Exercise objective:
The output should contain the listing word for word and no pictures.

Material provided:
--- START ---

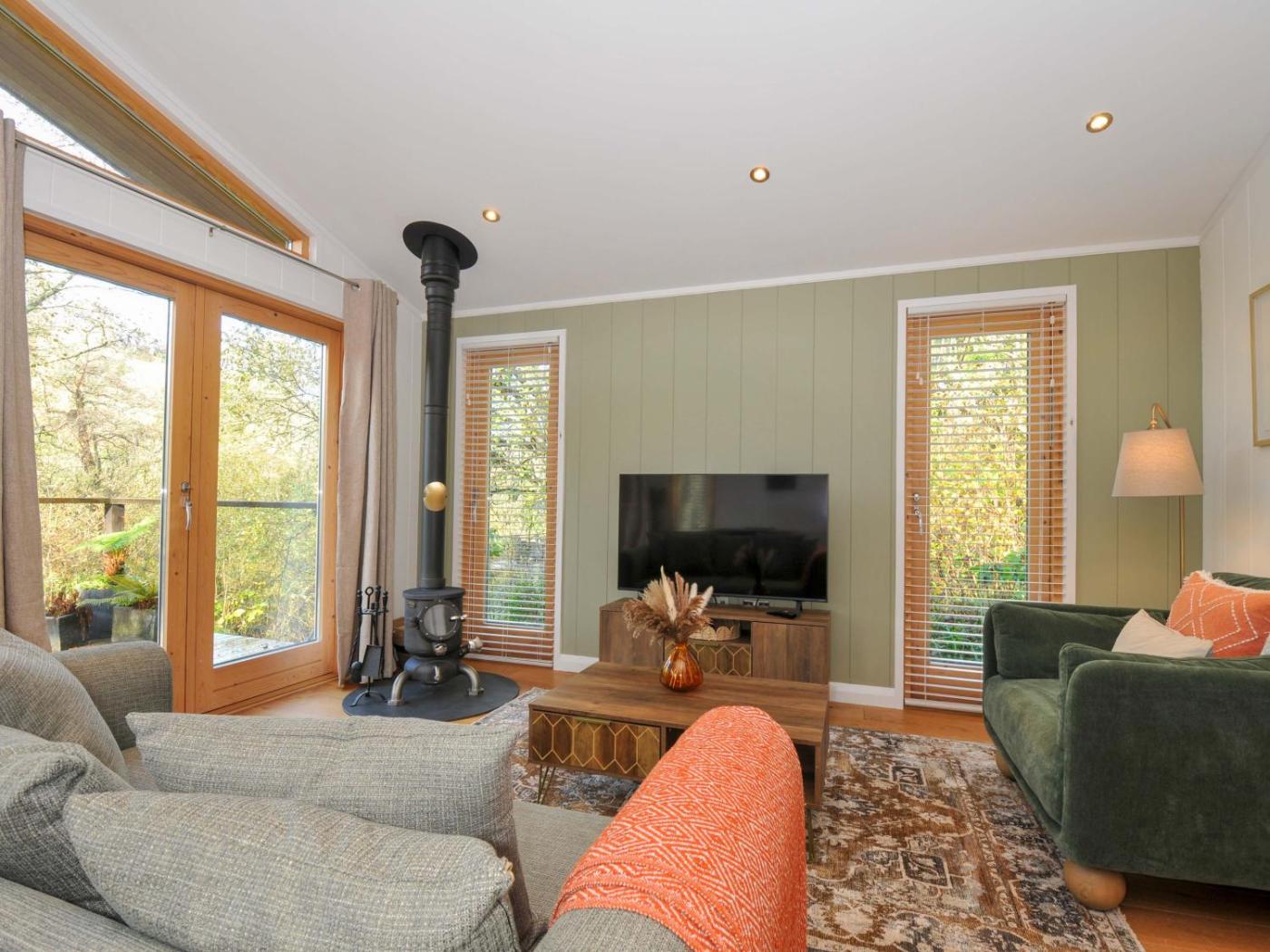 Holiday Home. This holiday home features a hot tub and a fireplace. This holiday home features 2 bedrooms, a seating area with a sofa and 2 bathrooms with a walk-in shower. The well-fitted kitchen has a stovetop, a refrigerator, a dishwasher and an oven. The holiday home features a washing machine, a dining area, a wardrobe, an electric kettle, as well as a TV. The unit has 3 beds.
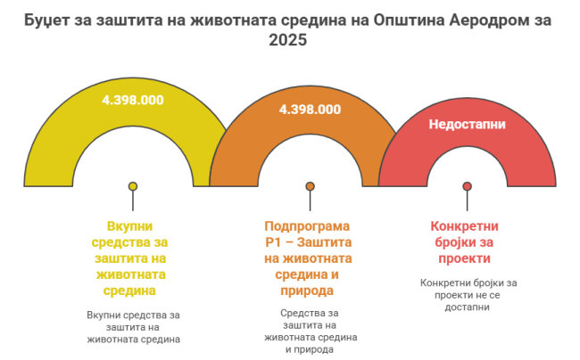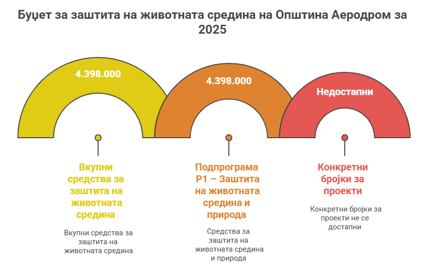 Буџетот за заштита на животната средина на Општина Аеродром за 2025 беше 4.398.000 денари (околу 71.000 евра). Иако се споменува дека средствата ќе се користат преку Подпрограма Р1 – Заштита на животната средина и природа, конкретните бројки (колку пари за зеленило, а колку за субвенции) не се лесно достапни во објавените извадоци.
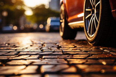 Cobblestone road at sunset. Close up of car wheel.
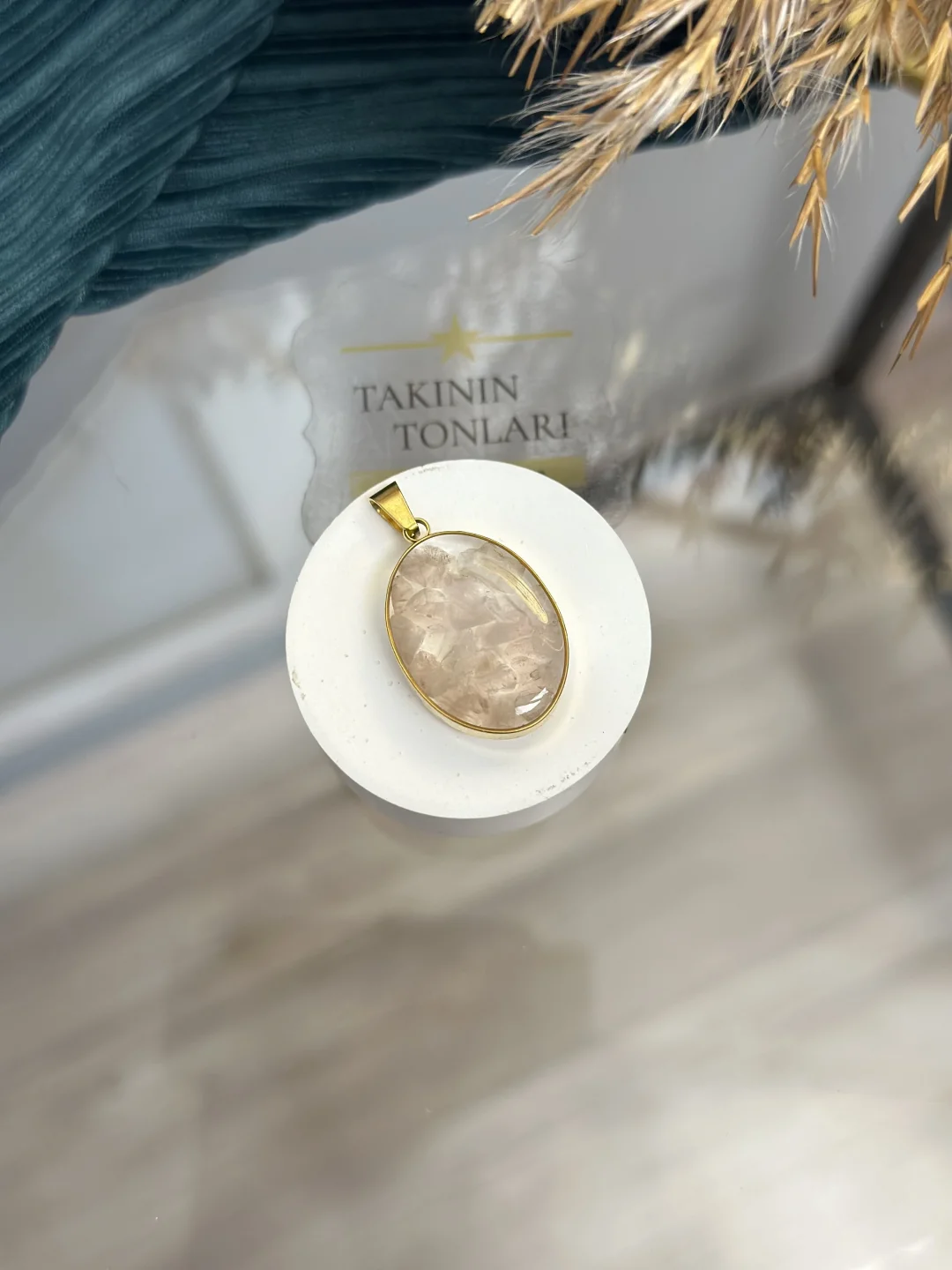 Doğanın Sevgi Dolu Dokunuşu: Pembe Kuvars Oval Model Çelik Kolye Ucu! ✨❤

--- END ---

Reply:
 Holiday Home. This holiday home features a hot tub and a fireplace. This holiday home features 2 bedrooms, a seating area with a sofa and 2 bathrooms with a walk-in shower. The well-fitted kitchen has a stovetop, a refrigerator, a dishwasher and an oven. The holiday home features a washing machine, a dining area, a wardrobe, an electric kettle, as well as a TV. The unit has 3 beds.
 Буџетот за заштита на животната средина на Општина Аеродром за 2025 беше 4.398.000 денари (околу 71.000 евра). Иако се споменува дека средствата ќе се користат преку Подпрограма Р1 – Заштита на животната средина и природа, конкретните бројки (колку пари за зеленило, а колку за субвенции) не се лесно достапни во објавените извадоци.
 Cobblestone road at sunset. Close up of car wheel.
 Doğanın Sevgi Dolu Dokunuşu: Pembe Kuvars Oval Model Çelik Kolye Ucu! ✨❤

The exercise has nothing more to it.